Collected material below:
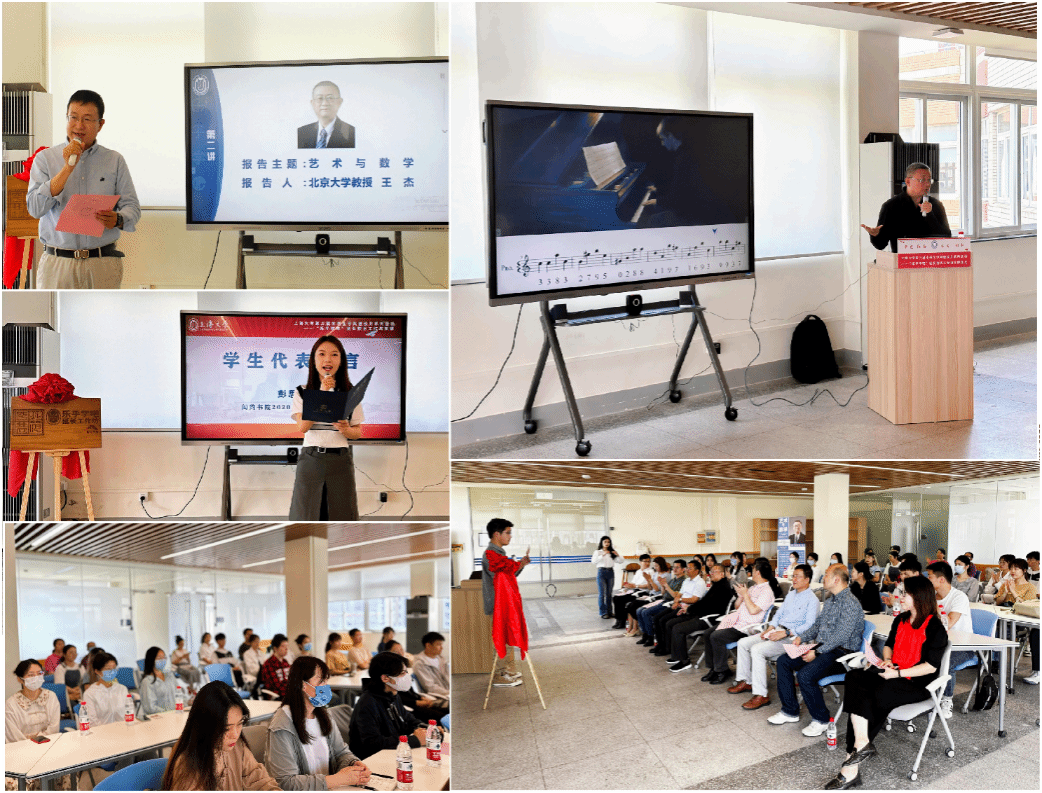 王杰教授的报告围绕“艺术与数学”展开,讲述了乐律与数学的关系,详细介绍了音乐、电影中声音、色彩、波形、旋律与数学的深刻关系,并阐释了艺术与数学之间密切而又往往不为人知的联系。王杰教授渊博的知识,丰厚的艺术素养,感染了在场的所有师生。
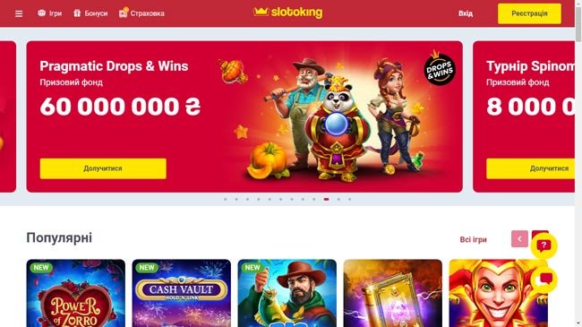 Казино Слотокинг - це надійна та захоплююча платформа, яка пропонує високу якість, розмаїття і зручність гри. Чи ви новачок у світі азартних ігор або досвідчений гравець, ви знайдете тут ігри на свій смак. Слотокинг забезпечує надійність та безпеку, використовуючи передові технології. Великий вибір ігор, включаючи слоти, карточні і настільні ігри, ігри з живими дилерами, лотереї та інші варіації, гарантує багато годин захоплюючої гри. Додатково, зручний інтерфейс і можливості налаштування гри забезпечують комфортну геймінг-сесію. Запрошуємо вас спробувати свою удачу в казино Слотокинг і насолодитись високоякісними іграми та захоплюючими виграшами!
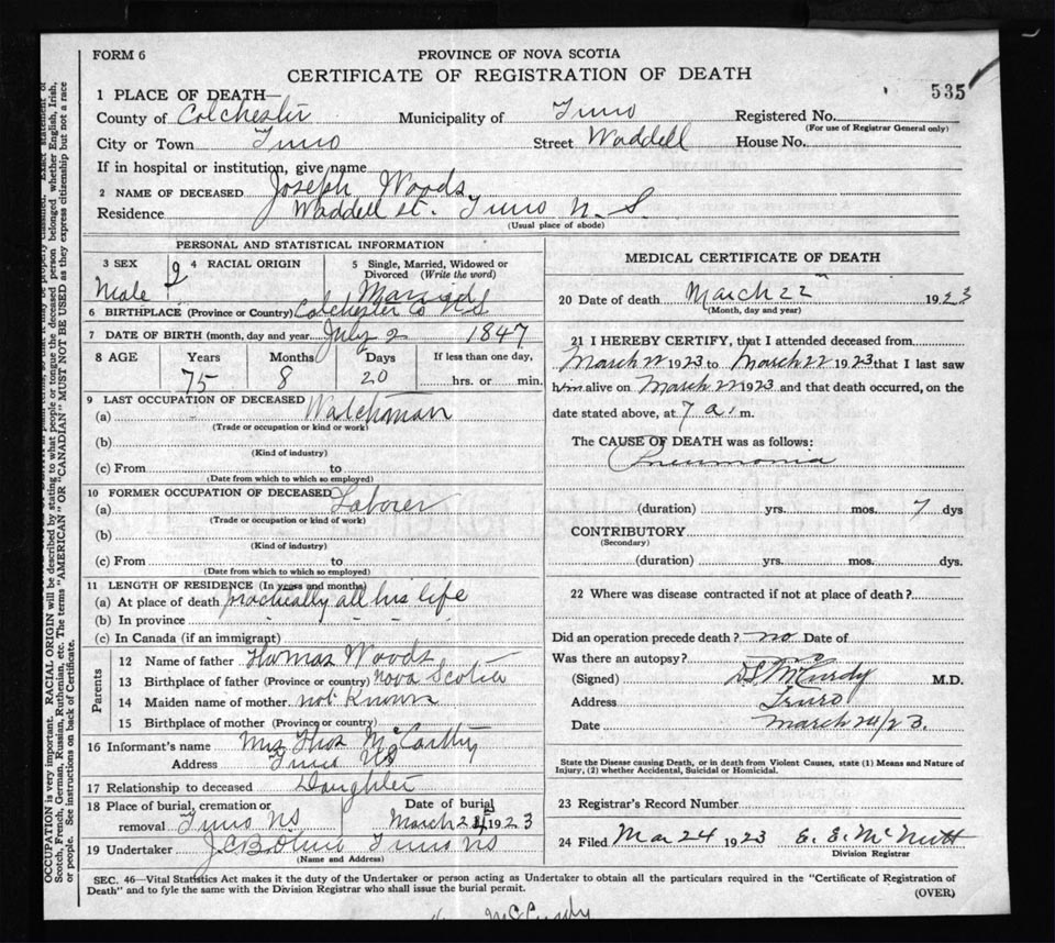 Death Registration: Year: 1923 file: 62 number: 535
End of Collected material.
• _Activity_: Take the data above and repeat it exactly, leaving each picture out.

• _Answer space_:
 王杰教授的报告围绕“艺术与数学”展开,讲述了乐律与数学的关系,详细介绍了音乐、电影中声音、色彩、波形、旋律与数学的深刻关系,并阐释了艺术与数学之间密切而又往往不为人知的联系。王杰教授渊博的知识,丰厚的艺术素养,感染了在场的所有师生。
 Казино Слотокинг - це надійна та захоплююча платформа, яка пропонує високу якість, розмаїття і зручність гри. Чи ви новачок у світі азартних ігор або досвідчений гравець, ви знайдете тут ігри на свій смак. Слотокинг забезпечує надійність та безпеку, використовуючи передові технології. Великий вибір ігор, включаючи слоти, карточні і настільні ігри, ігри з живими дилерами, лотереї та інші варіації, гарантує багато годин захоплюючої гри. Додатково, зручний інтерфейс і можливості налаштування гри забезпечують комфортну геймінг-сесію. Запрошуємо вас спробувати свою удачу в казино Слотокинг і насолодитись високоякісними іграми та захоплюючими виграшами!
 Death Registration: Year: 1923 file: 62 number: 535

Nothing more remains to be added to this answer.